Completamente desfasado dos tempos, imerso nos seus heróis musicais e nos géneros com que cresceu, assombrado pela morte que não tarda, Rough and Rowdy Ways, o mais recente tomo da obra de Dylan, é inqualificável: as canções, quando não são assustadoras, encantam e no entanto não consigo imaginar nenhum jantar com menores de 70 anos em que alguém ponha a tocar isto; e se há momentos em que Dylan parece raiar o pastiche há sempre algo de tortuoso nesse exercício, porque Dylan distorce os géneros que pilha e injeta-lhes a sombra da morte a cada passo. Se isto for o adeus será, como sempre com Dylan, um adeus que demoraremos muito tempo a escrutinar e tentar perceber.

“Fetch the Bolt Cutters”

Fiona Apple

Honestamente?

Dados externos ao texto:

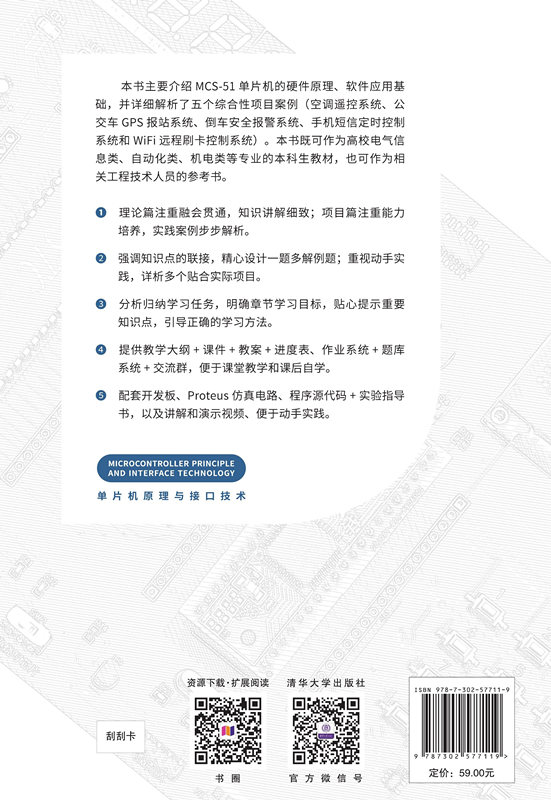 本书理论篇以MCS-51单片机为基础,项目篇采用增强型51单片机。在理论篇,全面详尽地介绍单片机硬件结构、C51编程基础、中断系统、定时器/计数器、串行通信知识,补充了应用场合较多的A/D转换器与PWM知识和系统总线扩展知识。在项目篇,以目前市场上流行的物联网、家电控制、超声波倒车报警等技术为基础,应用数码管、OLED、矩阵键盘、MP3播放、WiFi通信、短信收发控制、红外线遥控、触摸屏等技术形成5个综合项目,讲解硬件原理、教学和学习方法以及编程主要思路。 本书可作为高等院校“单片机原理”“单片机原理与接口技术”等相关课程的教材,也可供相关工程技术人员、技术爱好者参考使用。

Não consigo. Nunca consegui: cada vez que lhe ouço a voz sinto vontade de magoar coelhinhos fofinhos. Não que Fiona Apple tenha uma má voz (tem uma grande voz), é simplesmente uma questão de sensibilidade – e cada guinchinho dela amofina-me a delicadeza. Já dei por mim a pensar que Fiona é uma Dave Mathews Band com delírio de histrionismo, já dei por mim a pensar que se podia substituir cada letra dela por «eu, eu, eu, eu, eu», que ia dar ao mesmo, mas acabei por concluir que o problema deve ser meu: ela sabe compor, as canções dão voltas inesperadas, é imaginativa nos arranjos e é fácil de ver que tem um imenso talento (até porque ela está sempre a exibi-lo), pelo que seria errado não destacar o seu regresso.

“Circles”

Mac Miller

Mac Miller nunca parou – desde 2010, quando lançou a mixtape K.I.D.S., a sua música esteve em constante mutação, como se ele andasse à procura de algo que não sabia o que era. O que é mais bonito é que nesse trajeto ele foi aprendendo o mais possível sobre o passado (o jazz, o funk, a soul) e incorporando esses sons numa música que nunca deixou de ser rebelde e liricamente brilhante. Infelizmente, Miller nunca conseguiu parar de se drogar e morreu de uma sobredose em 2018. Circles era o disco em que estava a trabalhar aquando da sua morte – e as saudades que vamos ter dele, o Cobain desta geração.

“Græ”

Moses Sumney

Depois de Aromanticism, o disco de estreia, o ter tornado uma estrela do dia para a noite, Moses Sumney podia ter-se limitado a explorar a fórmula, exibindo a sua belíssima voz soul. Mas resolveu que o segundo disco, græ, seria segundo e terceiro (ou seja: existe em græ I e um græ II) e bem diferente da estreia. græ Part II é ligeiramente mais calmo e menos desvairado que Part I, mais bonito, por assim dizer (como é facilmente comprovável em “Bystanders”, que começa só com a voz e torna-se numa balada atmosférica com synths e corda e coros); entre as duas partes Moses Sumney deixou de ser um baladeiro clássico para pertencer ao mesmo universo de gente esquisita como Arca ou Angel Olsen ou da violoncelista Kelsey Lu, com quem encontro notórias semelhanças.

“The Loves of Your Life”

Hamilton Leithauser

É definitivo: Hamilton Leithauser deixou de viver nesta época e barricou-se num mundo feito de doo-wop, Gershwin, Rodgers and Hart, Hank Williams – isto é, aquele imenso canyon que é a canção clássica americana. The Loves of Your Life percorre esse imenso espectro sem nunca se preocupar a soar a 2020 – aqui não há polarização política, pandemias, wokeness, apenas melodias extraordinárias que hão-de unir um qualquer casal que vai conhecer-se ao balcão de um honky-tonk. Reaccionário e belíssimo, vai ser o disco esquecido do ano.